__Task description__: All of the data goes into your copy exactly as written. Images do not.

__Given information__:
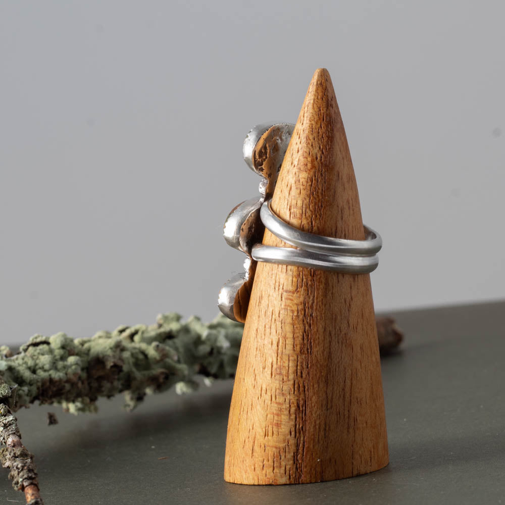 The stones are securely bezel-set in fine silver with subtle oxidized accents to highlight the depth and texture. The triple-stone design gives it height and character while still remaining comfortable for everyday wear.
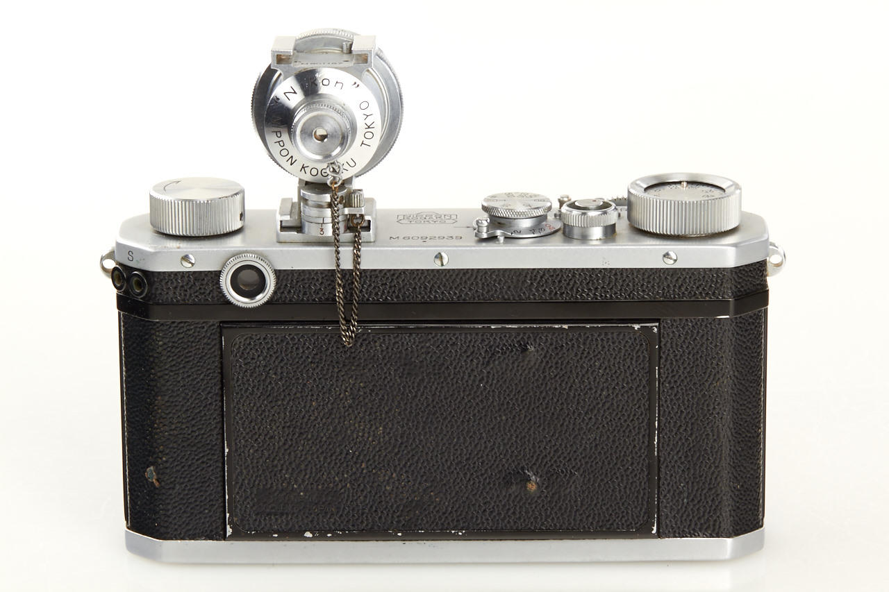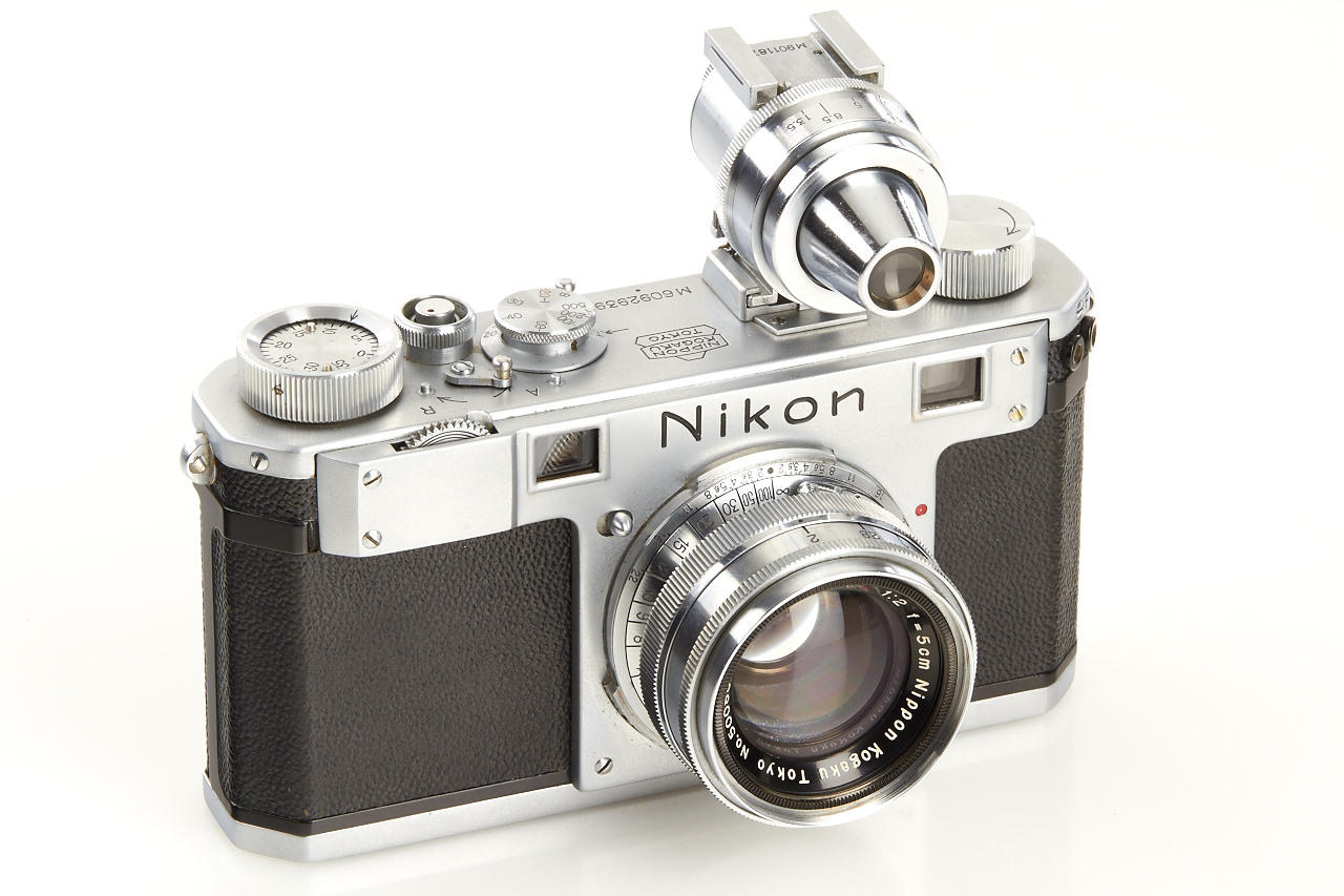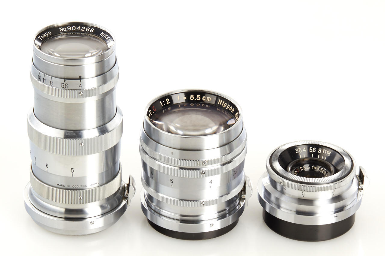 The famous Nikon M outfit illustrated on the front page of the book by Michael Wescott Loder 'The Nikon Camera in America 1946-1953' from the James Kelly collection including Nikon M no.M9062939 ('MADE IN OCCUPIED JAPAN' on leather of back door), with Nikkor-H.C 2/5cm no.50080786, inspection certificate and guarantee - both dated Jan.29,1951 - for camera and lens, everready case, W-Nikkor.C 3.5/3.5cm no.910808 with inspection card dated Febr.19,1951 and leather case, Nikkor-P.C 2/8.5cm no.286806 with hood, cap, leather case, Nikkor-Q.C 4/13.5cm no.904268 with hood, cap, inspection card from Dec.22,1950, leather case, matching Nikon Variframe finder no.M901187 with chain and eyepiece - the whole equipment which seems to be as acquired in early 1951 is in perfect near mint condition, the lenses clean and clear - the beautiful and extremely rare outfit comes with a copy the mentioned book
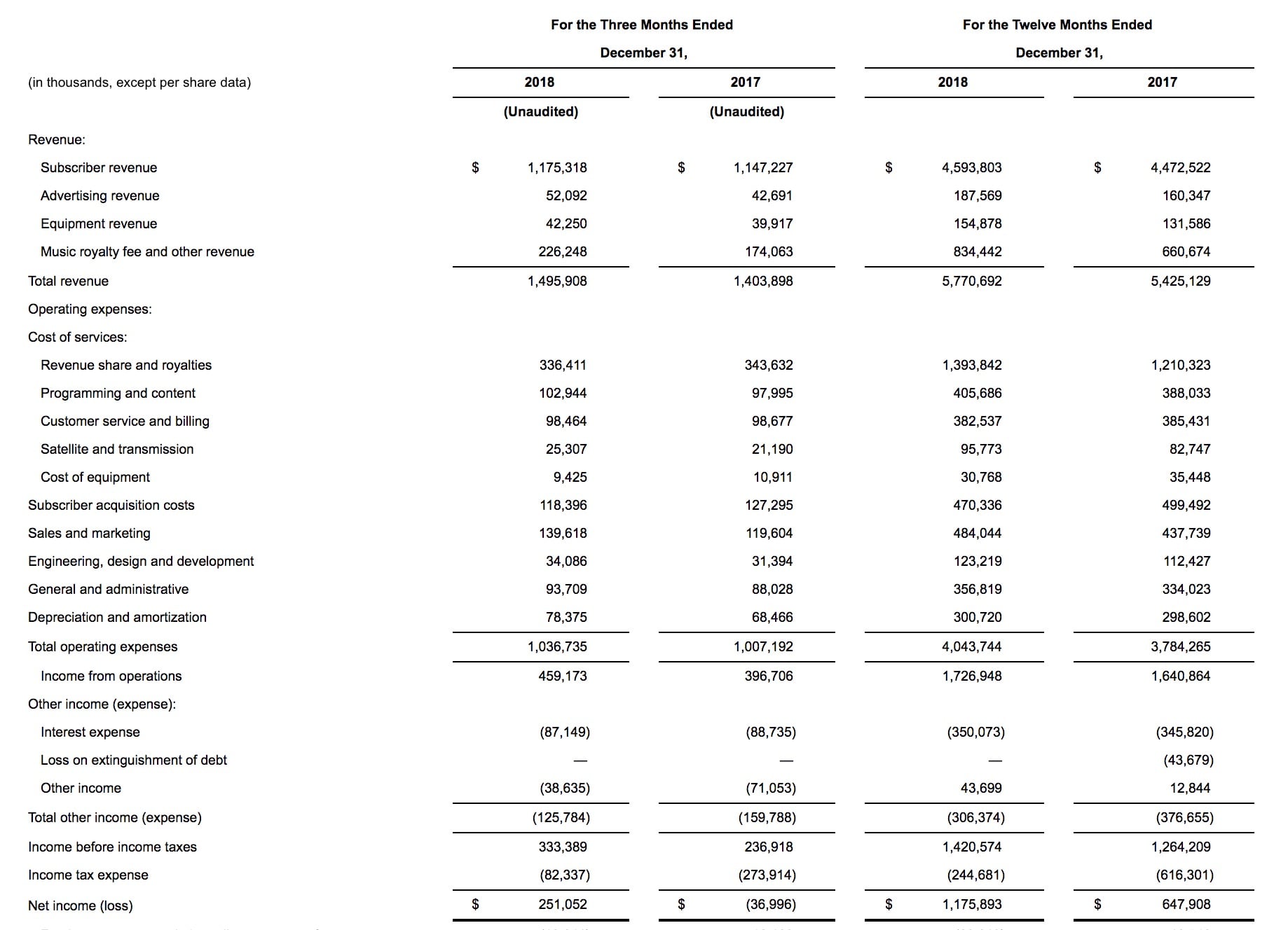 SiriusXM has published its operating and financial results for Q4 and full-year 2018 – revealing record revenue of $1.5 billion and $5.8bn respectively, up 7% and 6% year on year.
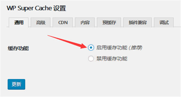 3、进入WP Super Cache设置中,通用选项当然是启用缓存功能,点击更新按钮才能保存并生效,后面都是这样。

__Exercise response__:
 The stones are securely bezel-set in fine silver with subtle oxidized accents to highlight the depth and texture. The triple-stone design gives it height and character while still remaining comfortable for everyday wear.
 The famous Nikon M outfit illustrated on the front page of the book by Michael Wescott Loder 'The Nikon Camera in America 1946-1953' from the James Kelly collection including Nikon M no.M9062939 ('MADE IN OCCUPIED JAPAN' on leather of back door), with Nikkor-H.C 2/5cm no.50080786, inspection certificate and guarantee - both dated Jan.29,1951 - for camera and lens, everready case, W-Nikkor.C 3.5/3.5cm no.910808 with inspection card dated Febr.19,1951 and leather case, Nikkor-P.C 2/8.5cm no.286806 with hood, cap, leather case, Nikkor-Q.C 4/13.5cm no.904268 with hood, cap, inspection card from Dec.22,1950, leather case, matching Nikon Variframe finder no.M901187 with chain and eyepiece - the whole equipment which seems to be as acquired in early 1951 is in perfect near mint condition, the lenses clean and clear - the beautiful and extremely rare outfit comes with a copy the mentioned book
 SiriusXM has published its operating and financial results for Q4 and full-year 2018 – revealing record revenue of $1.5 billion and $5.8bn respectively, up 7% and 6% year on year.
 3、进入WP Super Cache设置中,通用选项当然是启用缓存功能,点击更新按钮才能保存并生效,后面都是这样。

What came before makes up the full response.